State 1 observations: (31,28,28,37,68,49) from sample1, (25,62,75,80) from sample2, (-4,69,59,45,62,22) from sample3. Total 16 observations.
Compute mean and std from these 16 values.

Similarly, for transitions, count how many times the sequence moves from state i to state j. For example, in sample1, state 1 has 6 frames, so transitions: state1→state1 (5 times), state1→state2 (1 time). Sum over all samples and normalize.

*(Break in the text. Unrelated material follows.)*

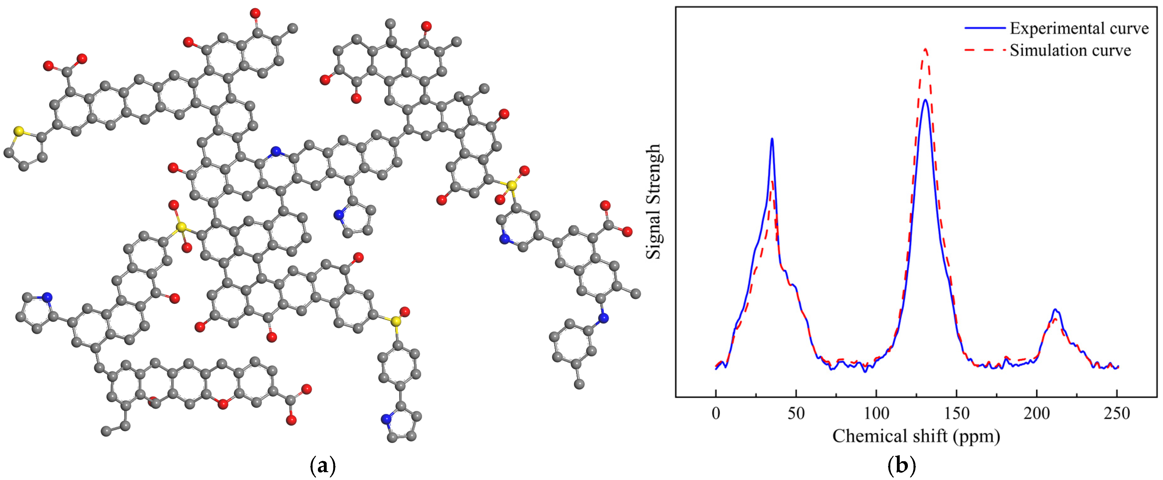 The construction of the kerogen chemical structure was primarily based on the analysis of experimental data from PY-GC-MS, 13C NMR, FTIR, and XPS. The specific steps are as follows [45,46,47]:
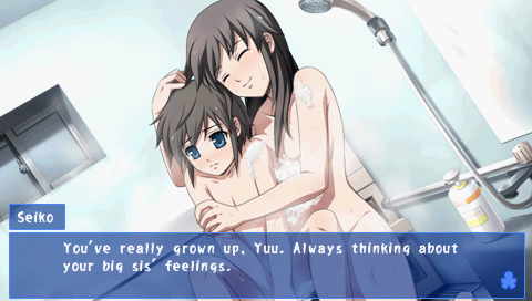 One of the biggest features in the PSP release was full voice acting using a new cast. The 5pb. Games voice actors are much bigger names than the cast hired for the original PC release, and several cast members are career singers with connections to 5pb. Games’ sister company, 5pb. Records. Naturally, some of these singers were employed to provide the songs for the game’s opening and closing credits. Voice actresses Asami Imai (Ayumi) has songs in most of series’ games and spinoffs, sometimes teaming up with Eri Kiamura (Yuka) as part of their pre-existing joint act, ARTERY VEIN.

Once you have the parameters, you can implement the Viterbi algorithm to decode the most likely state sequence for a new observation sequence. This is the core of the word recognizer.

Step 4: Going Multidimensional (Part 2)

Part 2 extends the model to two dimensions: right hand Y and right thumb Y. Now each observation is a pair (y_hand, y_thumb). The emission distribution becomes a bivariate Gaussian with mean vector and covariance matrix. You'll need to compute these parameters similarly, but now for two coordinates.

The transition and prior probabilities remain the same as in Part 1 (since they depend only on state transitions, not observations). However, the emission probabilities change. For each state, compute the mean of hand Y and thumb Y, and the covariance between them.

For example, if state 1 has observations: hand=[31,28,28], thumb=[10,12,11], then mean_hand=29, mean_thumb=11, covariance = [[?],[?]]. The Viterbi algorithm now uses the multivariate Gaussian likelihood.

Real-World Applications and Trends

HMMs are not just for assignments; they power modern AI tools. For instance, Apple's Siri and Google Assistant use HMMs for speech recognition. In gaming, gesture recognition using HMMs enables hands-free controls. With the rise of AI video generation (like Sora), understanding temporal models like HMMs is crucial for generating coherent motion sequences. By mastering this assignment, you're building skills applicable to cutting-edge AI research.

Common Pitfalls and Tips

Rounding: Use custom rounding, not Python's round(). Write a helper function.
State boundaries: Ensure each state has at least one observation. If a boundary adjustment would leave a state empty, revert.
Transition counts: Remember that the last frame of a state does not transition to the next state if the sequence ends. Count transitions only between frames within the sequence.
Testing: Run the provided unit tests frequently. Comment out unrelated tests when working step by step.

Use the Edstem challenge questions and Canvas lectures for additional support. The Wikipedia page provided in the resources is edited for this assignment, so rely on it.

Conclusion

Hidden Markov Models are a powerful tool for sequential data analysis. This Cs6601 assignment gives you hands-on experience with HMM encoding, parameter estimation, and decoding. By following this guide, you'll build a robust ASL word recognizer. Remember to submit your submission.py file to Gradescope, and use your 10 submissions wisely. Good luck!